= Supplied information =
= Beginning of Section =

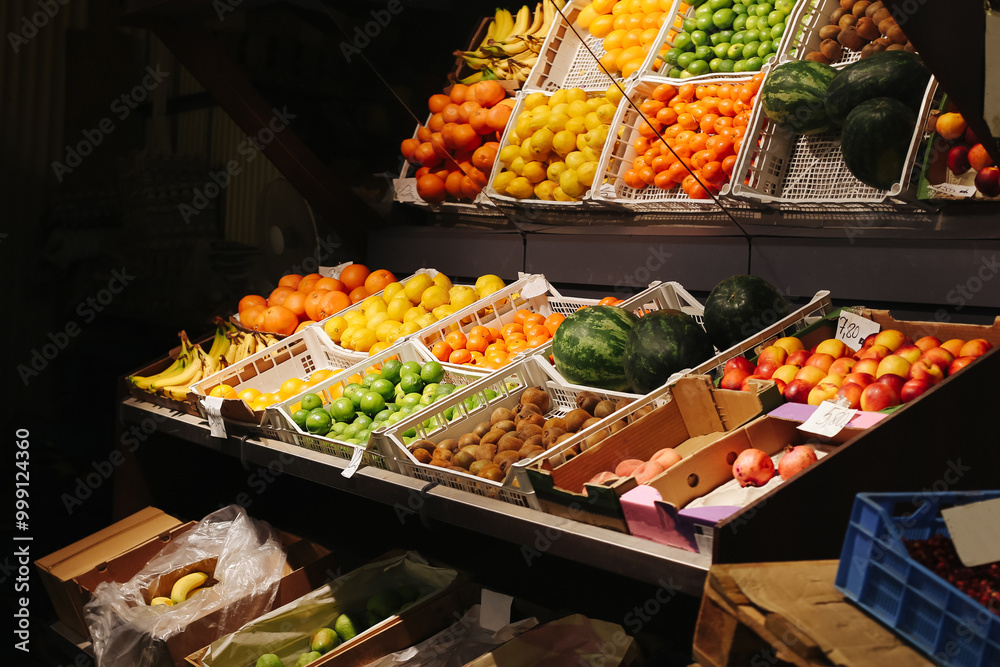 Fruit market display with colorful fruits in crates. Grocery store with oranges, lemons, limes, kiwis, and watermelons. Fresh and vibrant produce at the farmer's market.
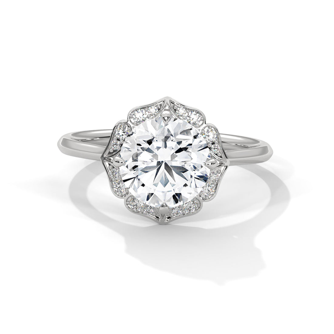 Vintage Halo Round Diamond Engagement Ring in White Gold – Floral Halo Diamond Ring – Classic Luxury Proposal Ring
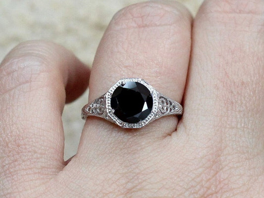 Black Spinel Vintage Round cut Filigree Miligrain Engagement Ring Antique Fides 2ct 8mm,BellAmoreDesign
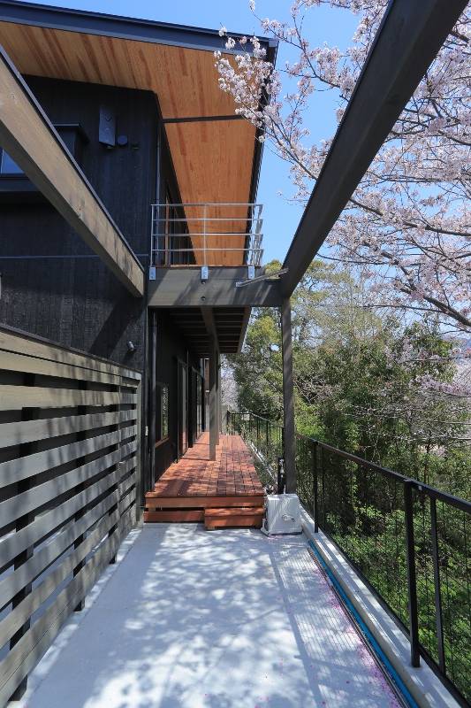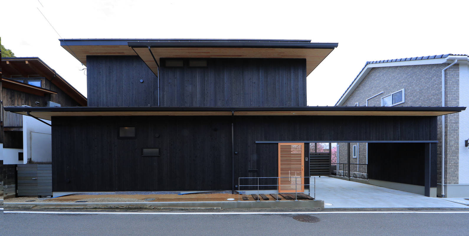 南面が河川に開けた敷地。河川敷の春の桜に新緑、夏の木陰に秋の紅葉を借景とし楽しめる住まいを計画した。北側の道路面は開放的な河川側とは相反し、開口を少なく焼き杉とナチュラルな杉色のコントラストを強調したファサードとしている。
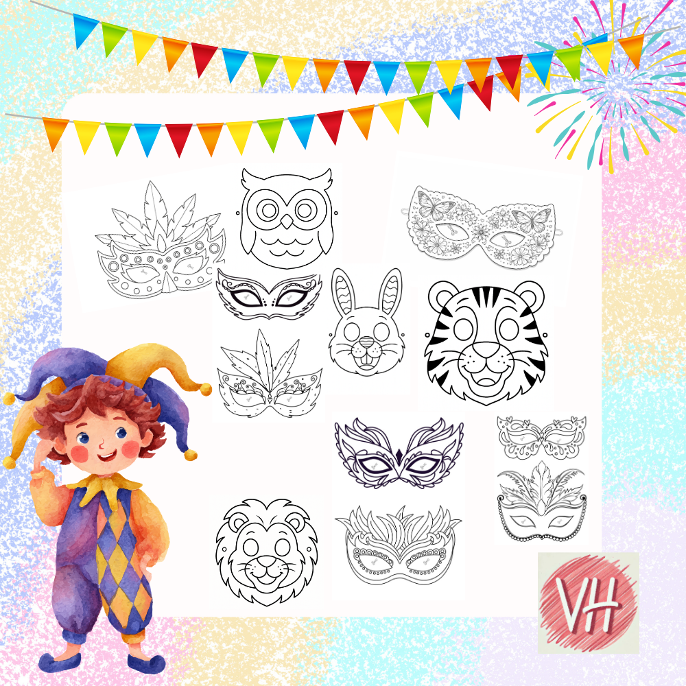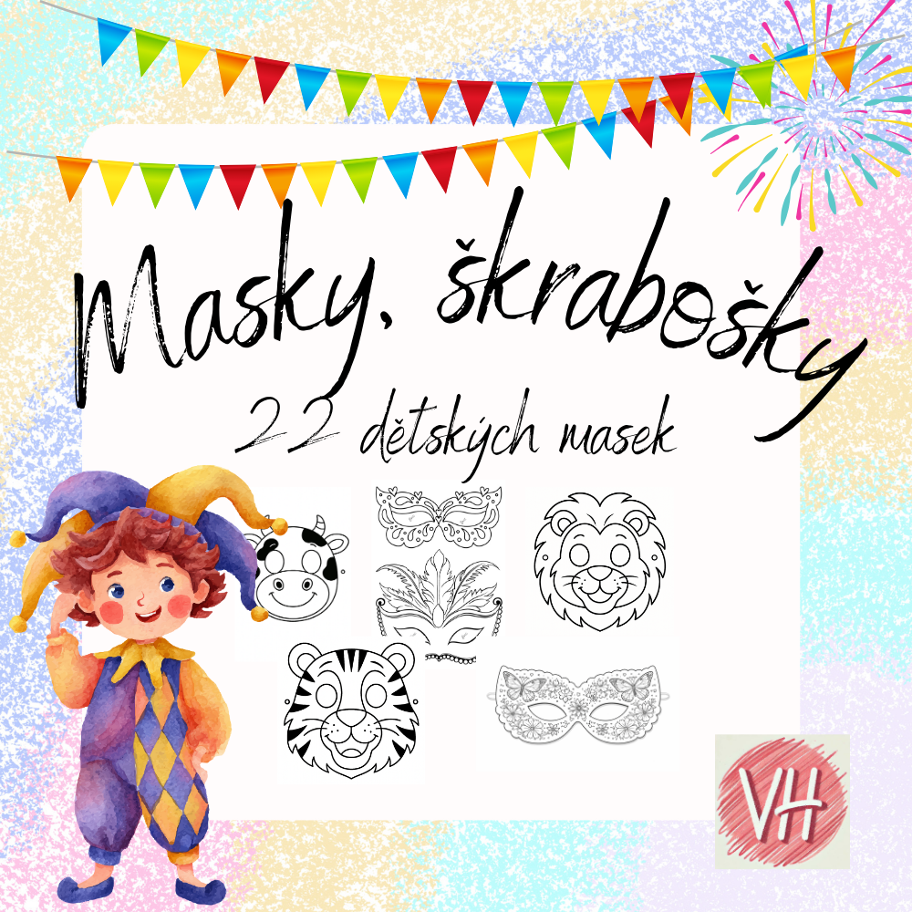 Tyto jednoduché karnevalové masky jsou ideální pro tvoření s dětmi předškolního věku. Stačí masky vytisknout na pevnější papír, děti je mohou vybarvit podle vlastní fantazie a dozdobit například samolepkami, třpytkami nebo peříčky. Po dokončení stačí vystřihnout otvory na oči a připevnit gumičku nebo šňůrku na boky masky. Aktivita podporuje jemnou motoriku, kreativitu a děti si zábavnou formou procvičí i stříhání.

= End of Section =
= Beginning of Section =

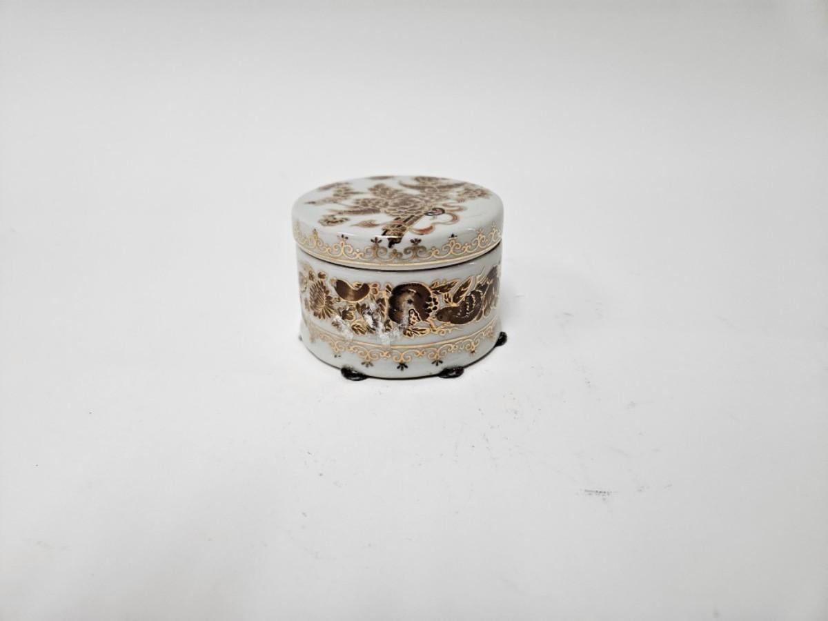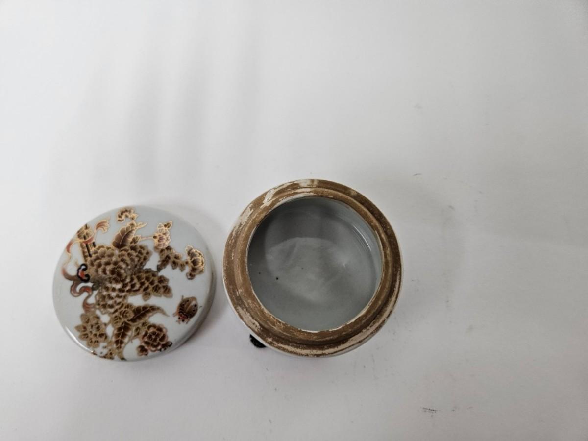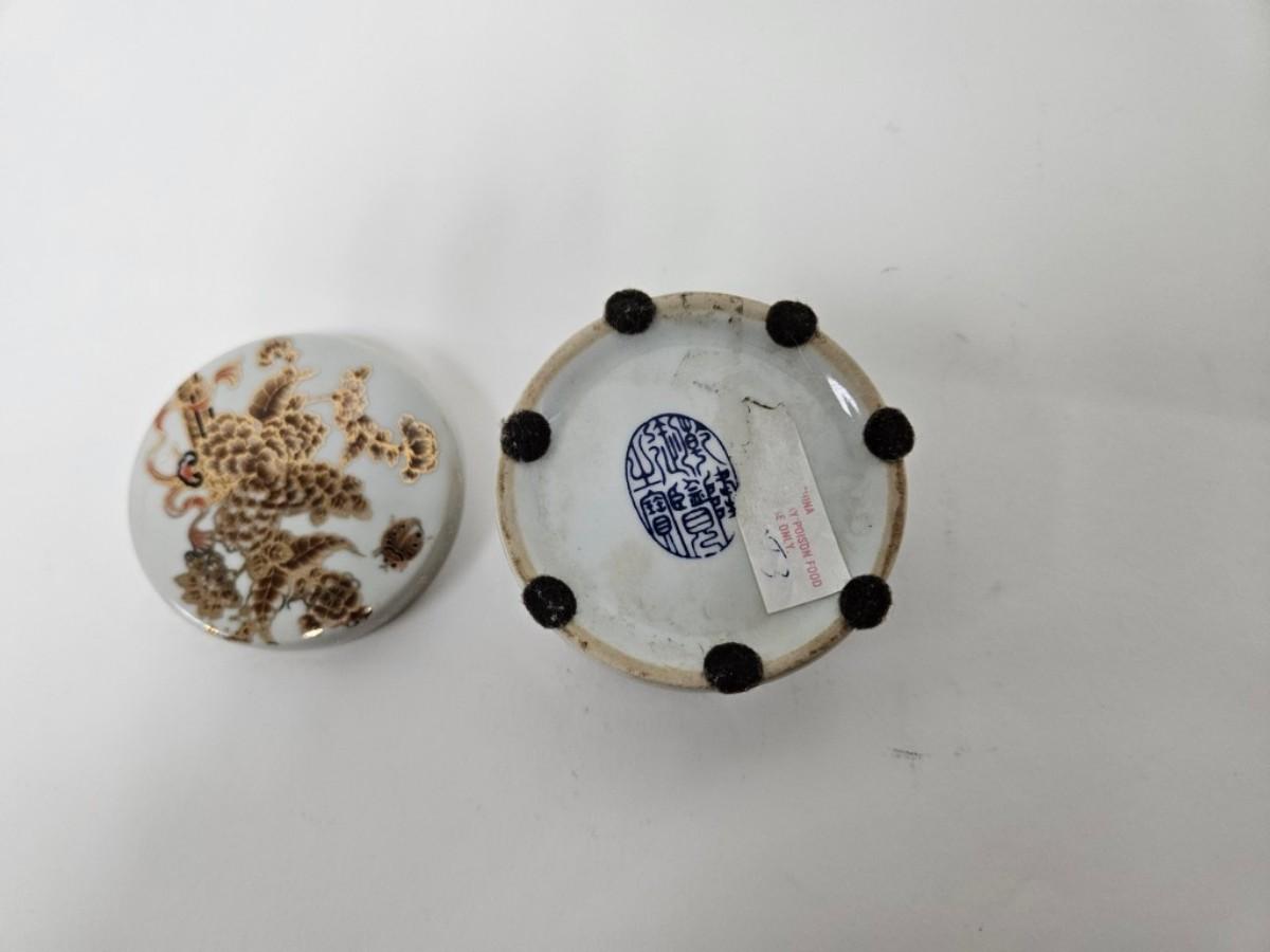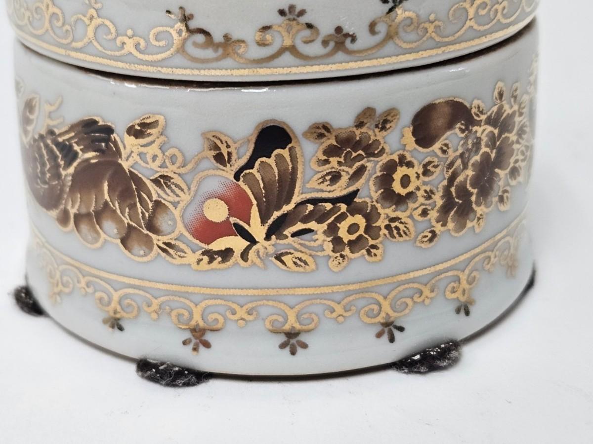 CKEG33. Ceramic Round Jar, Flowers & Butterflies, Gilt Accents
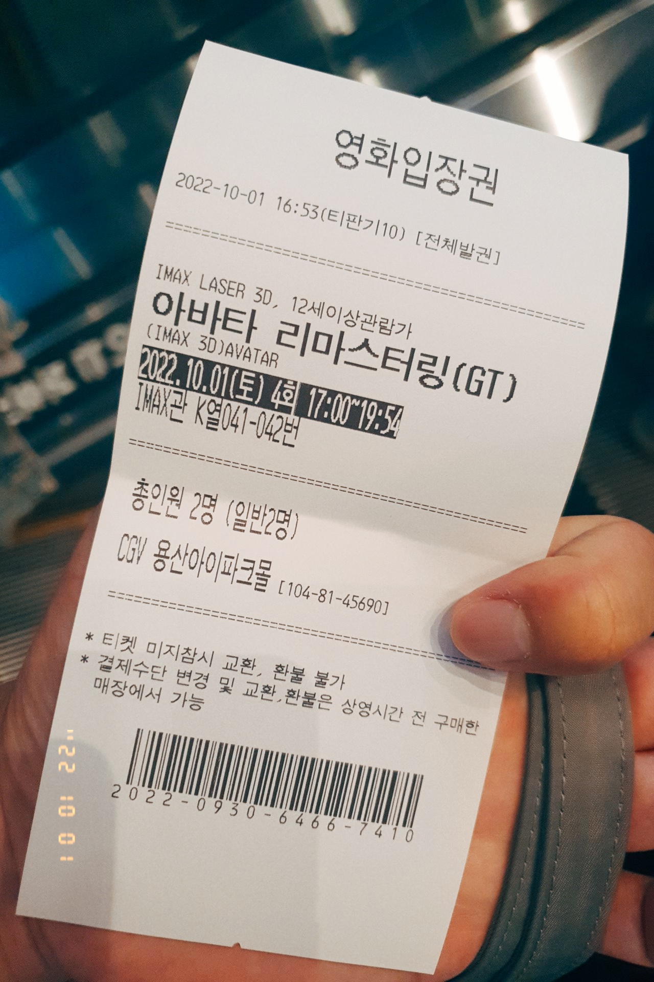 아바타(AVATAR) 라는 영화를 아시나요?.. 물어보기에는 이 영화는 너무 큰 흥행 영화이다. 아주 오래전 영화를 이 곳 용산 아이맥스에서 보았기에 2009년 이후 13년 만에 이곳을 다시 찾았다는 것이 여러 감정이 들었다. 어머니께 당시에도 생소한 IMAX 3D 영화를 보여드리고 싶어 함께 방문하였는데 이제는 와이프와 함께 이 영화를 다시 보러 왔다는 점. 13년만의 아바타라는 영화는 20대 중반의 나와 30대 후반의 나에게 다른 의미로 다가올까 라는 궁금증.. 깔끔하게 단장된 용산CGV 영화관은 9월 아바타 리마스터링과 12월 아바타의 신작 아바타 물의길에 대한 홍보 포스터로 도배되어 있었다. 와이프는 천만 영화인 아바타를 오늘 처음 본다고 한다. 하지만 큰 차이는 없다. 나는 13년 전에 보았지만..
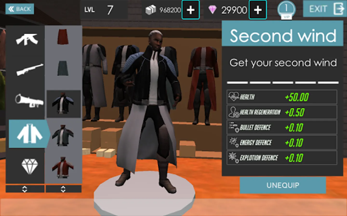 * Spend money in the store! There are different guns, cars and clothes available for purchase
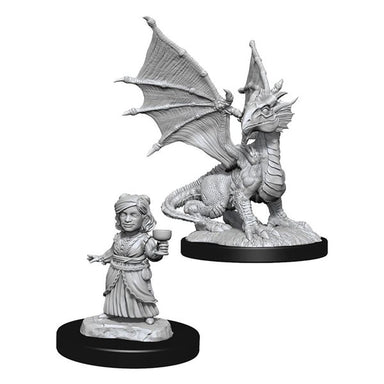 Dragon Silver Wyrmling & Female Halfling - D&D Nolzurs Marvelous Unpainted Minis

= End of Section =

= Task requirements =
Of the lines above, quote exactly those from the one with "南面が河川に開けた敷地。河川" through the one with "Tyto jednoduché karnevalové", ends included; pictures stay out.

= Final answer =
 南面が河川に開けた敷地。河川敷の春の桜に新緑、夏の木陰に秋の紅葉を借景とし楽しめる住まいを計画した。北側の道路面は開放的な河川側とは相反し、開口を少なく焼き杉とナチュラルな杉色のコントラストを強調したファサードとしている。
 Tyto jednoduché karnevalové masky jsou ideální pro tvoření s dětmi předškolního věku. Stačí masky vytisknout na pevnější papír, děti je mohou vybarvit podle vlastní fantazie a dozdobit například samolepkami, třpytkami nebo peříčky. Po dokončení stačí vystřihnout otvory na oči a připevnit gumičku nebo šňůrku na boky masky. Aktivita podporuje jemnou motoriku, kreativitu a děti si zábavnou formou procvičí i stříhání.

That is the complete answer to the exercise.